Chinese consumers already have plenty of options when it comes to buying e-books, and now there’s yet another e-bookstore to choose from. The brick-and-mortar electronics retailer Suning (SHE:002024) opened its own offering last week, saying that it has teamed up with nearly 1,000 publishers to launch with 50,000 e-books ready for download. As part of Suning’s aggressive push into e-commerce, its new portal aims to have over 250,000 titles by the end of 2013.

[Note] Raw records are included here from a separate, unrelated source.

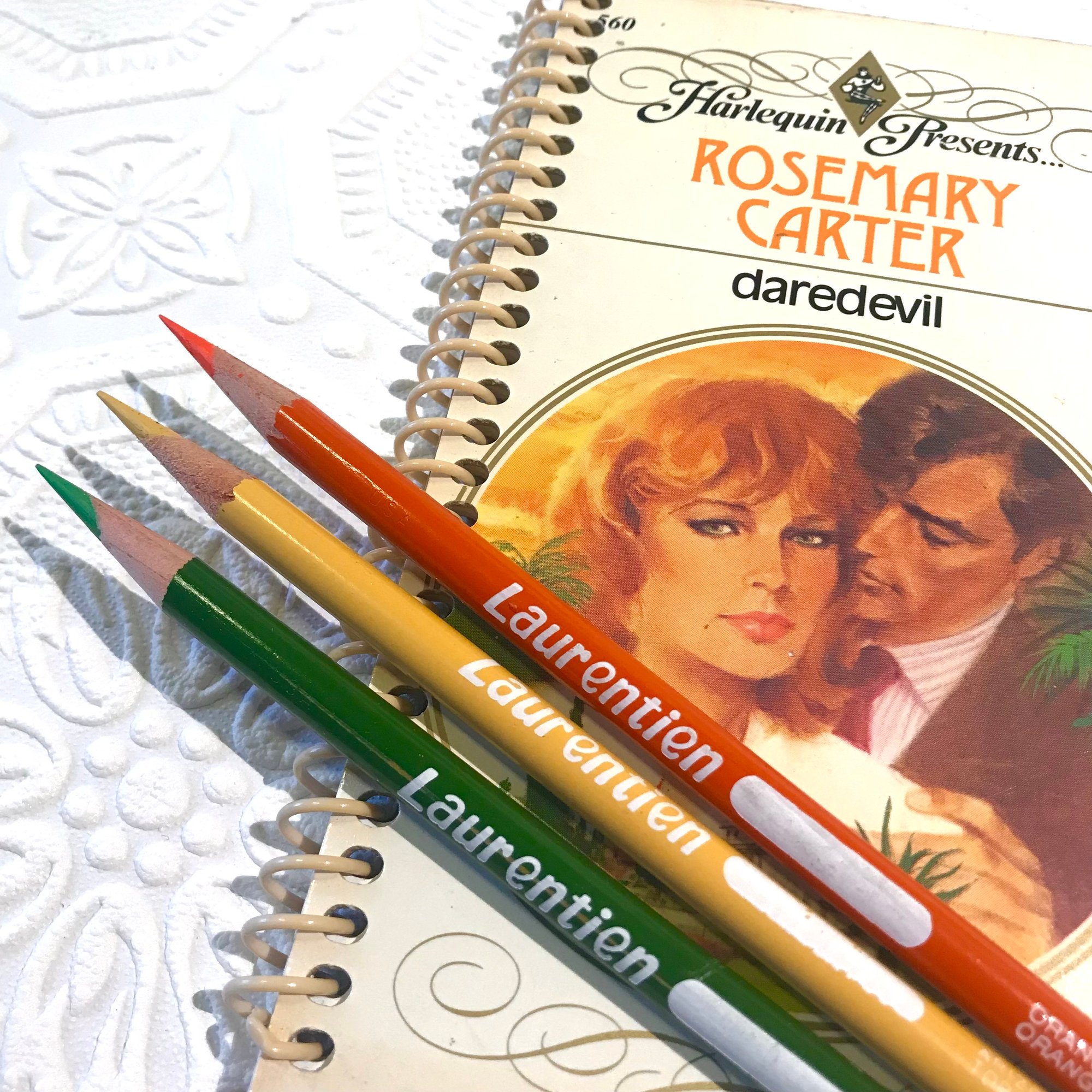 Journal set includes one blank spiral bound notebook made from a recycled vintage paperback and three freshly sharpened vintage colored pencils. The notebook covers are reinforced with acid-free recycled chipboard and interior pages are smooth white cardstock perfect for pen & pencil. The included pencil assortments are artist quality vintage Prismacolors or Laurentien brand, all color-matched to the novel's theme. Orders chosen at random or feel free to leave specific requests in the order comments.
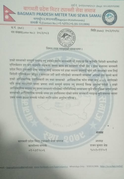 बागमती प्रदेश मिटर ट्याक्सी सेवा समाजद्वारा जारी गरिएको उक्त सूचनाले सदस्यहरूलाई भ्रामक फोन र गलत सूचनाबाट सतर्क रहन आग्रह गरेको छ।
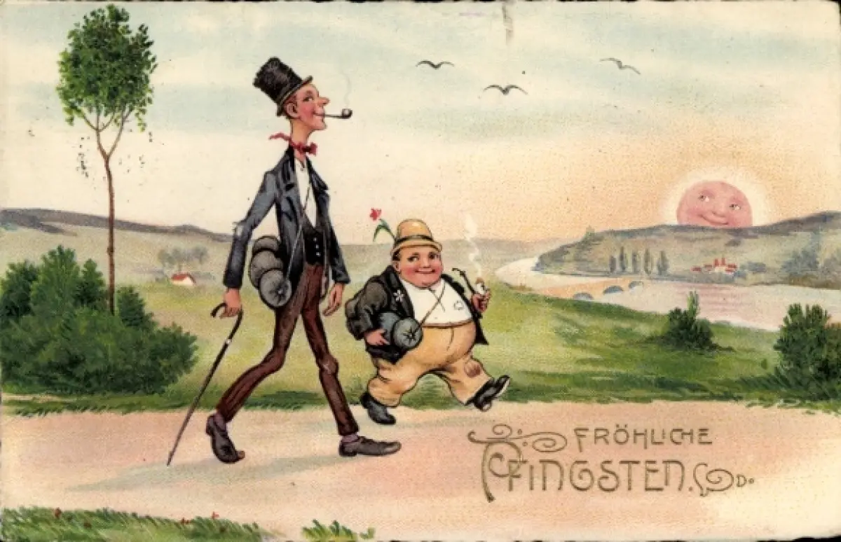 Litho Glückwunsch Pfingsten, Klein rund, groß schlank, zwei Wanderfreunde unterwegs
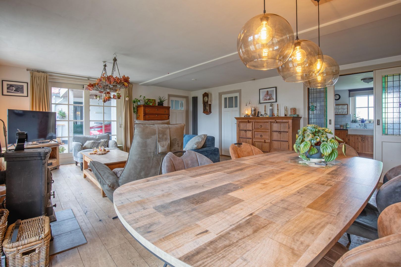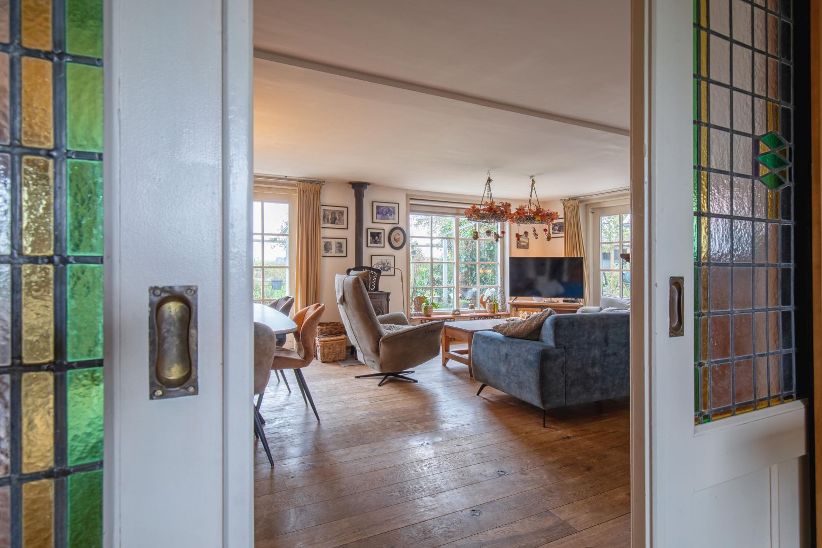 De woonkamer is gesitueerd aan de achterzijde en er is zowel een schuifpui als openslaande deuren naar de tuin. De woonkamer beschikt over sfeervolle houten vloerdelen en een gezellige haard. De begane grond is voorzien van vloerverwarming (behoudens het kantoor en de bijkeuken).
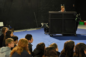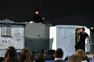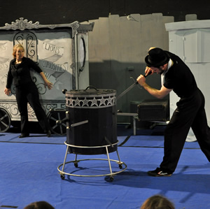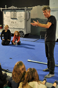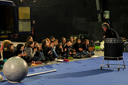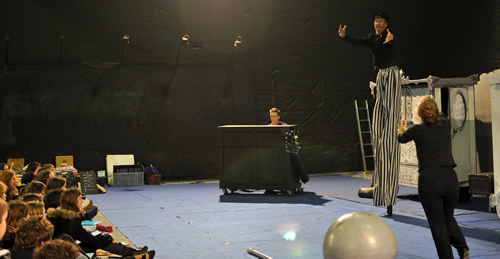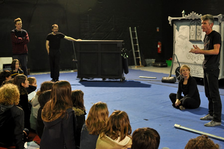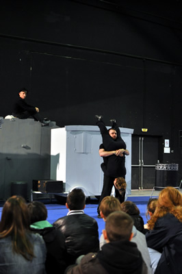 Par la suite, la compagnie britannique Bash Street a présenté une partie de son nouveau spectacle The Strongman et a répondu aux questions des élèves. Ils ont ainsi pu découvrir les ficelles de la création d'un spectacle.
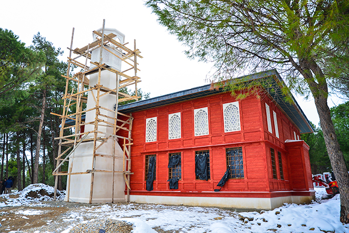 Aynı mevkide bulunan Şehitler Abidesi'nin ismini taşıyacak caminin inşasında 250 metreküp sarı çam ahşabı kullanılıyor. Minaresi Antalya'dan getirilen limra taşından yapılan caminin geri kalan kısmı tamamen ahşap olacak. Caminin dış cephesi, aşı boyasıyla renklendirilecek.
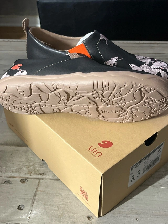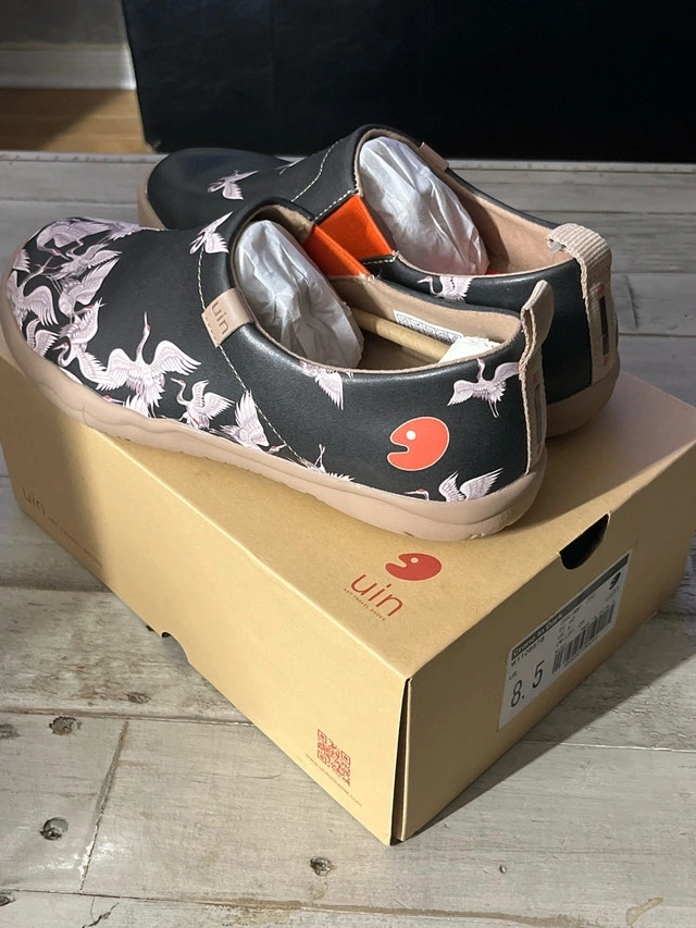 Step into unique style with these new UIN Women's Toledo Crane slip-on shoes, size 8.5, featuring eye-catching crane embroidery on a comfortable, lightweight design. These shoes combine artistry and comfort, making them a standout addition to your footwear collection. Note these shoes fit on the smaller side. Pick up in Brampton near Sheridan College

The new Suning e-bookstore (see it here) will sell its virtual books at 30 percent of the price of the paper versions. It’ll be up against similar services from China’s top e-commerce site, Tmall, and it signals a new threat to local rival Dangdang (NYSE:DANG), which not only has an e-bookstore but also its own e-reader hardware.
Suning’s e-books can be read on its new e-reader app for Android, with versions for iOS and PC currently in the works.
The company also revealed that it plans to open up the e-bookstore, eventually, to user-uploaded content, making it more like Baidu’s Wenku portal, which offers a mix of free and paid e-book downloads.
With Amazon’s Kindle hardware and platform not launched in China, the local e-book market is made up of a mix of hardware from numerous vendors and multiple download sources. Perhaps the earliest cohesive platform in the country is Shanda’s e-bookstore, which ties to its Bambook e-reader.